Hence, active FTC approaches have also been investigated, which detect element faults and change the control in order to move the points b f closer to b n , into a behaviour region B AFT that provides improved performance under fault conditions within the limits of the system capability.

This paper details a multi-agent system (MAS) inspired active FTC strategy for the HRA that aims to achieve near-nominal performance under the fault conditions.

1.4 Overview

Section 2 gives a brief overview of MAS and presents a rationale for its use with HRA. Section 3 then goes on to describe the current multi-agent control (MAC) approach and its main features. An example is then presented in Section 4, where the MAC scheme is applied to a 10 × 10 HRA and its performance is compared to a passive control strategy. Special considerations are made within the simulations for the reconfiguration period and fault detection errors. Finally, conclusions are made in Section 5 and the future directions of the research are described.

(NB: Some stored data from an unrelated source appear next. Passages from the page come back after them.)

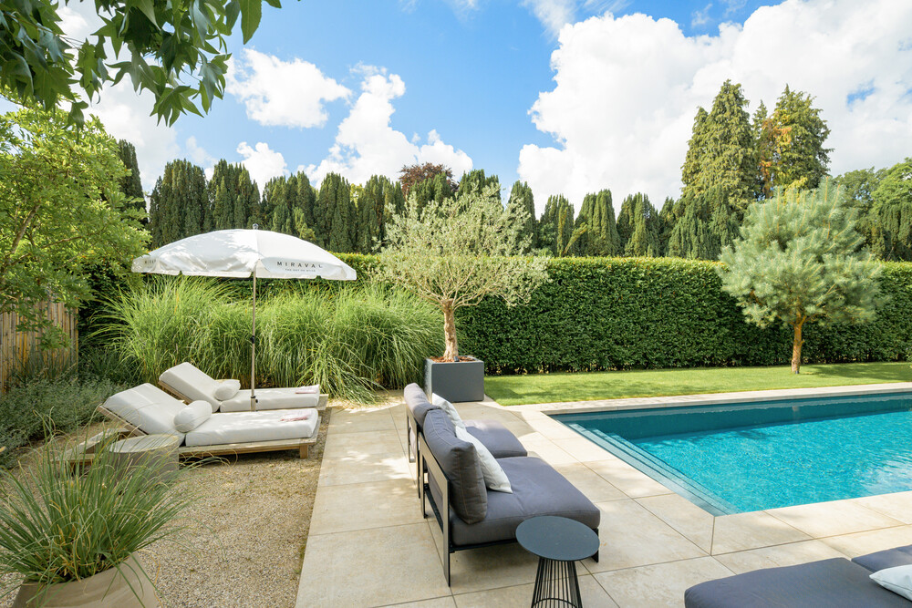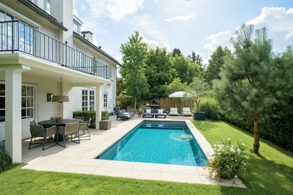 rondom en een volledige privacy biedende achtertuin met een modern zwembad.
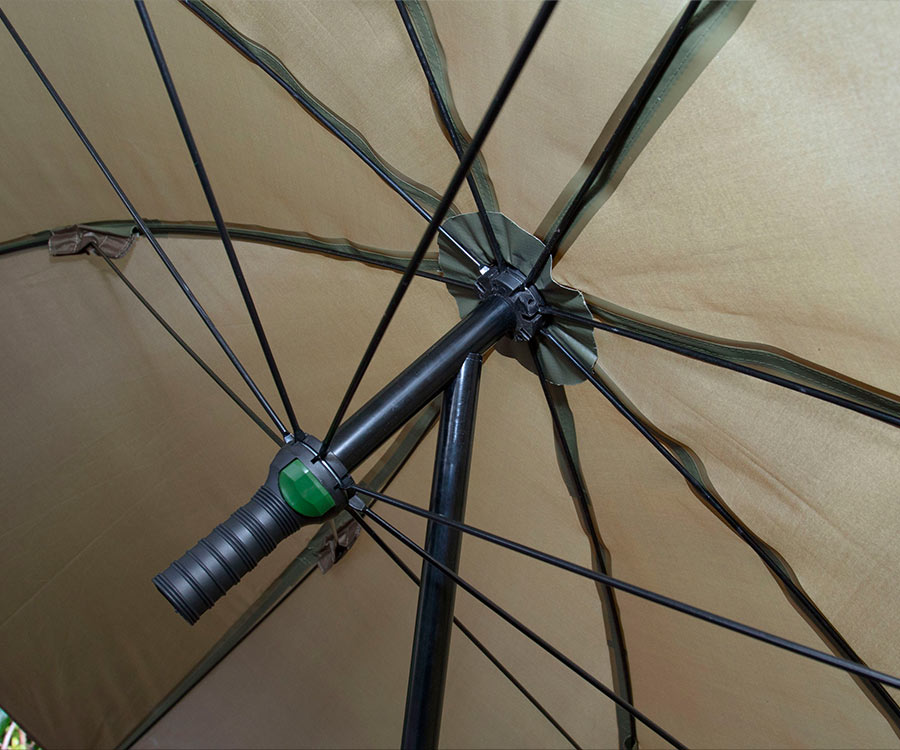 Зонт Korum Super Steel Brolly изготовлен на прочной стальной раме. Может использоваться в вертикальном положении или в угловом заднем положении. Для повышения устойчивости используйте фиксирующие штыри. Зонт легкий, прочный, изготовлен из нейлона 210D. Держатель выполнен из особо толстого алюминиевого профиля, что обеспечивает максимальную прочность и долговечность изделия.
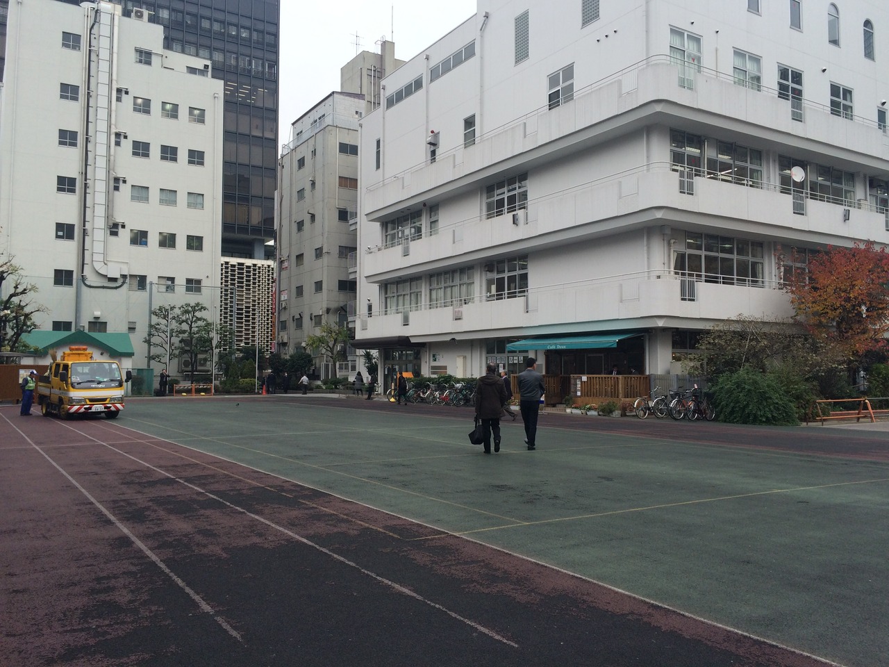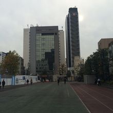 新橋駅烏森口から徒歩2~3分の場所にあり陸上のトラックレーンが公園になっています。数年前まで学校の校庭だったようです。喫煙エリアがあり多くの人がタバコを吸っていました。校庭だったところを公園にしたので公園の中央にいる人は少ないです。トイレとベンチがあります。

2 Multi-agent control of high redundancy actuation

2.1 Multi-agent control

The concept of agent was first given by Minksy[5]. In his book, he introduced the term agents to describe the workings of the mind. Each agent is only capable of a simple process, but these agents are numerous and diversely capable. And it is through the interaction of these agents that true intelligence can be achieved. The principles of multi-agent systems (MAS) were further developed in the disciplines of distributed artificial intelligence and object-oriented programming 30 years ago, since when it had emerged as a discipline in its own right.

Today, MAS concepts have become not only an important subject of research, but of industrial and commercial application in a diverse range of fields[16].

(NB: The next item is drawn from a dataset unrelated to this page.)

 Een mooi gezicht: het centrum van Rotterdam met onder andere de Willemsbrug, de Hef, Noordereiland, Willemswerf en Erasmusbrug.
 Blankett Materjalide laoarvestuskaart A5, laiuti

There is still some controversy within the agent community regarding what qualities should be included in the definition of an agent. There is a general consensus that autonomy is essential, but the attribution of other qualities is still under debate. However, the following definition, given by[17], conveys the key ideas: an agent is a physical or virtual entity situated in its environment, which acts autonomously and flexibly within its purview to achieve goals in a real-time manner. An MAS therefore, is a collection of agents that are socially coupled and collaborate to achieve some objective, which in the case of MAC is the control of a system.

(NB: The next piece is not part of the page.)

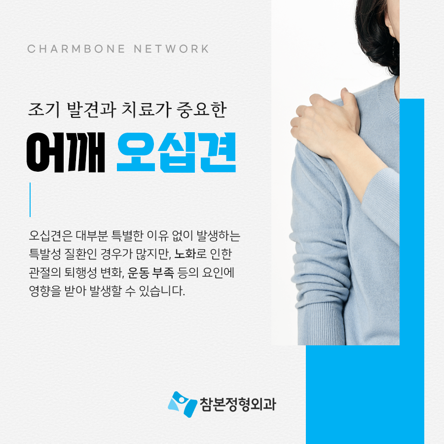 갈수록 발병연령이 낮아지는 질환인 만큼 남녀노소 일상생활에서의 꾸준한 관심과 관리가 필요할 것입니다. 지금부터라도 어깨 관절의 건강을 지킬 수 있도록 꾸준히 스트레칭, 근력 운동을 하고 정기적으로 검진을 받을 것을 권합니다.
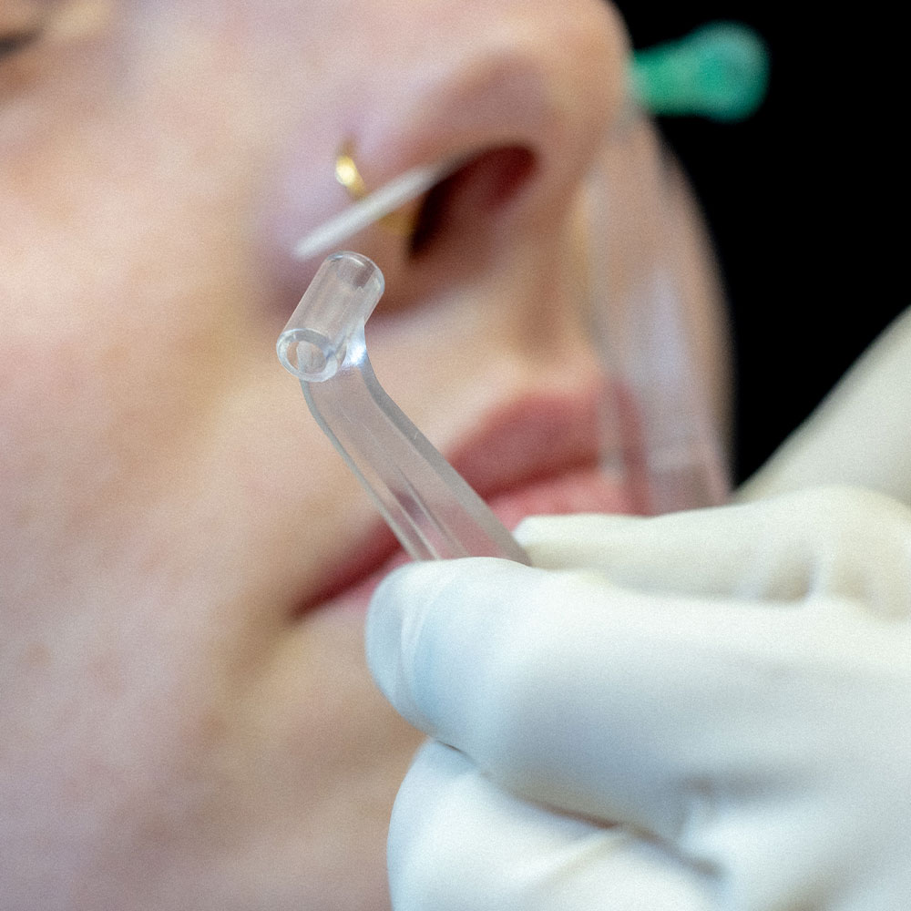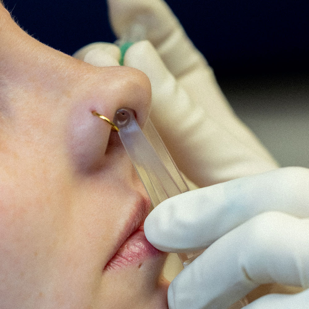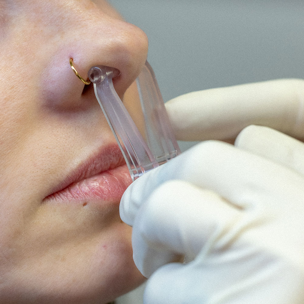 Kanal der Septumzange am “Sweetspot” platzieren und mit einer Hand fixieren.

These agent characteristics resemble the concept of closed-loop control, which achieves objectives through sensing and acting. However, there are important differences within the agent concept. The most obvious difference is the social interaction and negotiation that exists between agents. Also, the agent philosophy is strongly associated with localisation, a point emphasised by [18]. This means each agent only deals with a local environment, and not the whole plant.

2.2 Rationale for multi-agent control of HRA

Taking a multi-agent based perspective on HRA control design can provide two key features: structuring and flexibility.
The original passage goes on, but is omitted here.